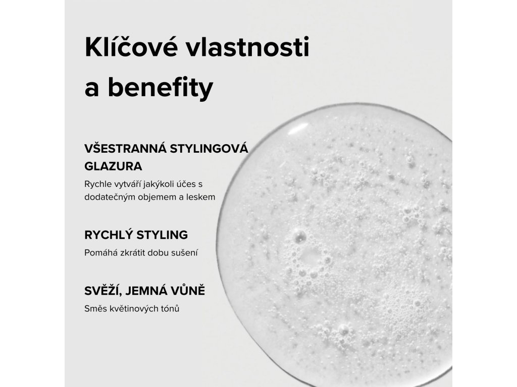 Rychleschnoucí stylingová glazura ideální pro všechny typy vlasů, která umožňuje vytvořit účesy rychle a snadno. Poskytuje pružnou fixaci, dlouhotrvající paměť účesu a zároveň dodává vlasům objem a maximální lesk. Lehká textura rychle schne, takže dosáhnete požadovaného výsledku během kratší doby. Produkt voní svěže, s jemnou
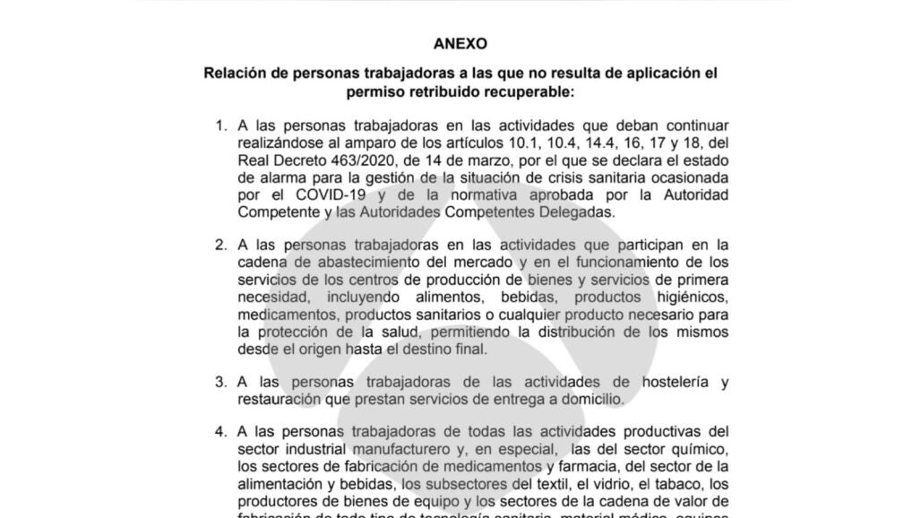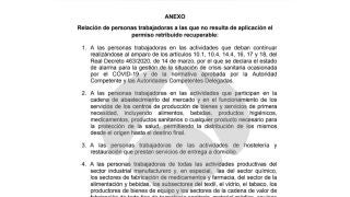 Dentro de estos grupos, la lista completa a la que ha accedido Antena 3 Noticias contempla como actividades esenciales las siguientes:
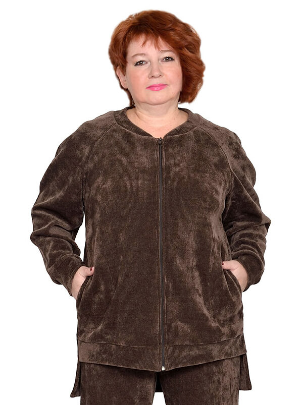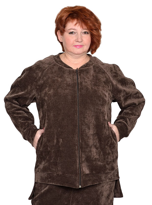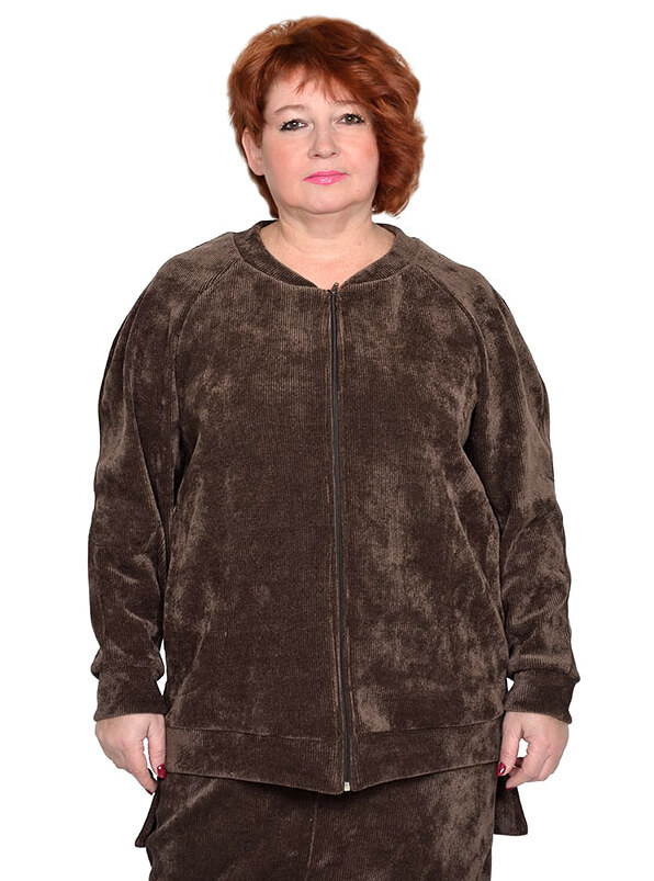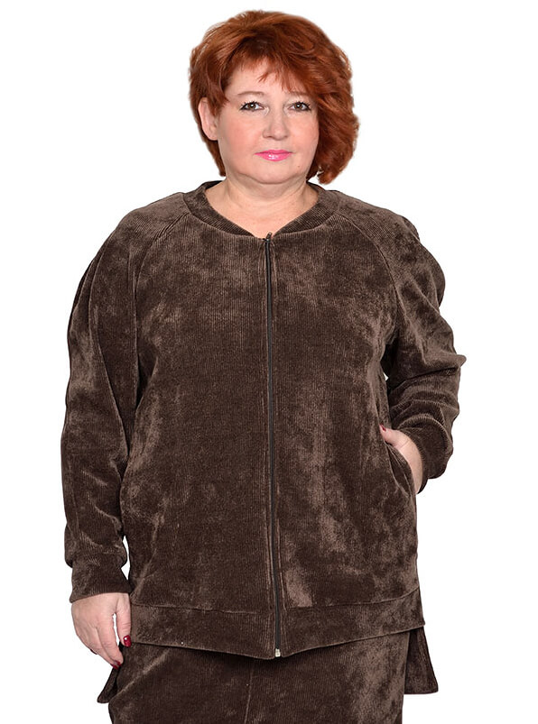 Коричневый жакет-бомбер из микровельвета. Ткань на хлопковой основе, упругая, тёплая, хорошо тянется, приятная на ощупь.
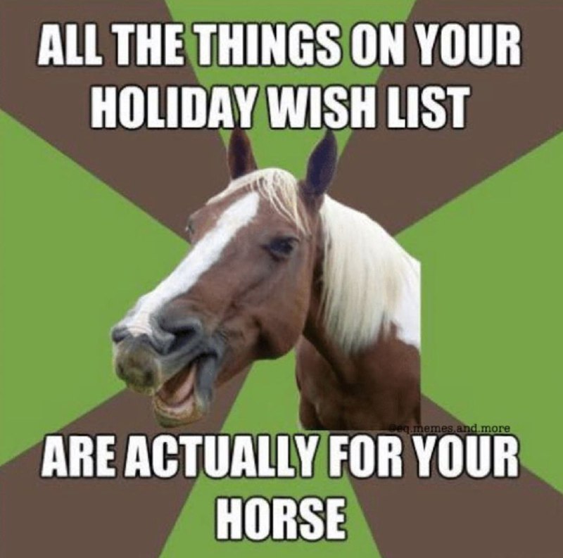 Share Share on Facebook Share on Twitter Pinterest Email Spread the love All the things on your holiday wish list… There are two types of horses at a show… Me: 1 2 3 4 5 Horsememes 0 Dylan Harper Website Related Posts What Horse Race Is Today? October 4, 2022 Is it Too Hot to Ride Your Horse? October 4, 2022 Can Horses Eat Pumpkin? October 4, 2022 Write A Comment Cancel Reply Save my name, email, and website in this browser for the next time I comment. Δ
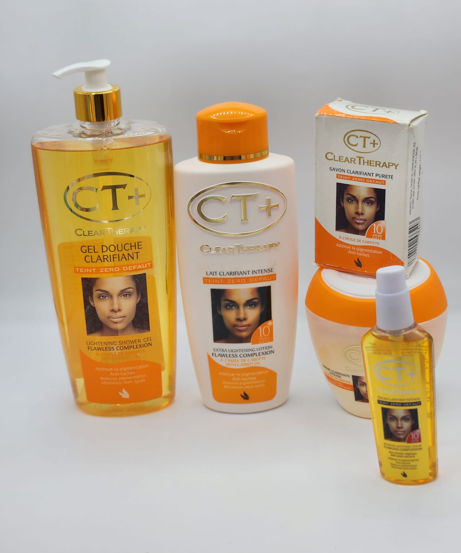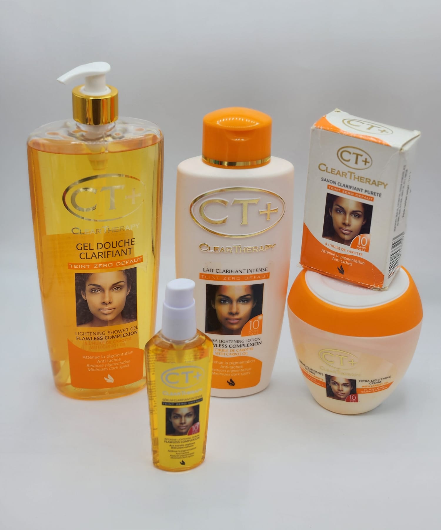 En résumé, la gamme CT+ Clear Therapy est votre alliée incontournable pour atteindre un teint radieux et uniforme. Avec des produits formidables comme le gel douche clarifiant, le lait clarifiant, le savon purifiant, la crème hydratante et le spray éclaircissant, vous avez tous les outils nécessaires pour transformer votre routine de soins de la peau. Faites le choix de la qualité et offrez à votre peau l’éclat qu’elle mérite. Essayez CT+ Clear Therapy aujourd’hui et découvrez la différence par vous-même !
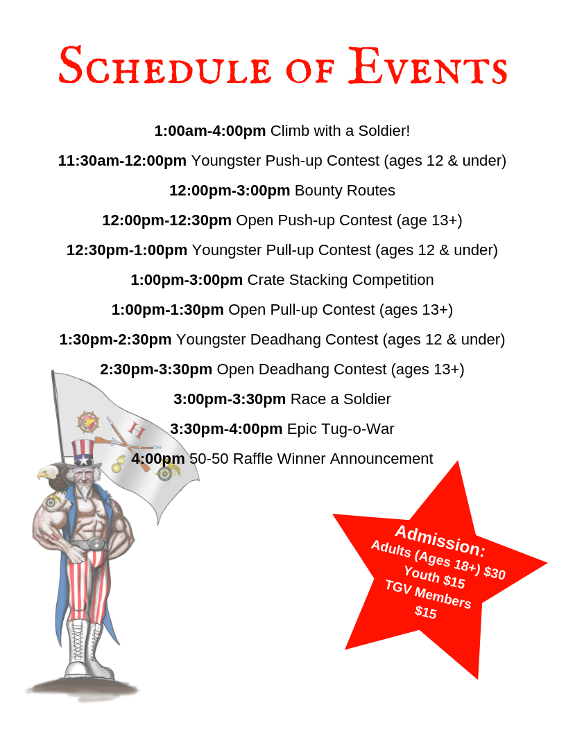 In January of 2019 the 2nd of the 113th Infantry Battalion along with its support unit, Hotel Company, will be depolying to Africa. Deployments can be very hard on Soldiers and their families alike. Funds raised by the Red, White & CLIMB! event will be used to provide support for soldiers and their families in time of crisis, deliver care packages to soldiers overseas, help with a family reintegration ceremony upon return home and much more. This event is a guarenteed to be a day of fun for the whole family! We hope to see you there! RSVP and receieve updates through our Facebook Event Page.

---

● Assigned task
Would you copy out all the data exactly, without the images?

● Output
 Rychleschnoucí stylingová glazura ideální pro všechny typy vlasů, která umožňuje vytvořit účesy rychle a snadno. Poskytuje pružnou fixaci, dlouhotrvající paměť účesu a zároveň dodává vlasům objem a maximální lesk. Lehká textura rychle schne, takže dosáhnete požadovaného výsledku během kratší doby. Produkt voní svěže, s jemnou
 Dentro de estos grupos, la lista completa a la que ha accedido Antena 3 Noticias contempla como actividades esenciales las siguientes:
 Коричневый жакет-бомбер из микровельвета. Ткань на хлопковой основе, упругая, тёплая, хорошо тянется, приятная на ощупь.
 Share Share on Facebook Share on Twitter Pinterest Email Spread the love All the things on your holiday wish list… There are two types of horses at a show… Me: 1 2 3 4 5 Horsememes 0 Dylan Harper Website Related Posts What Horse Race Is Today? October 4, 2022 Is it Too Hot to Ride Your Horse? October 4, 2022 Can Horses Eat Pumpkin? October 4, 2022 Write A Comment Cancel Reply Save my name, email, and website in this browser for the next time I comment. Δ
 En résumé, la gamme CT+ Clear Therapy est votre alliée incontournable pour atteindre un teint radieux et uniforme. Avec des produits formidables comme le gel douche clarifiant, le lait clarifiant, le savon purifiant, la crème hydratante et le spray éclaircissant, vous avez tous les outils nécessaires pour transformer votre routine de soins de la peau. Faites le choix de la qualité et offrez à votre peau l’éclat qu’elle mérite. Essayez CT+ Clear Therapy aujourd’hui et découvrez la différence par vous-même !
 In January of 2019 the 2nd of the 113th Infantry Battalion along with its support unit, Hotel Company, will be depolying to Africa. Deployments can be very hard on Soldiers and their families alike. Funds raised by the Red, White & CLIMB! event will be used to provide support for soldiers and their families in time of crisis, deliver care packages to soldiers overseas, help with a family reintegration ceremony upon return home and much more. This event is a guarenteed to be a day of fun for the whole family! We hope to see you there! RSVP and receieve updates through our Facebook Event Page.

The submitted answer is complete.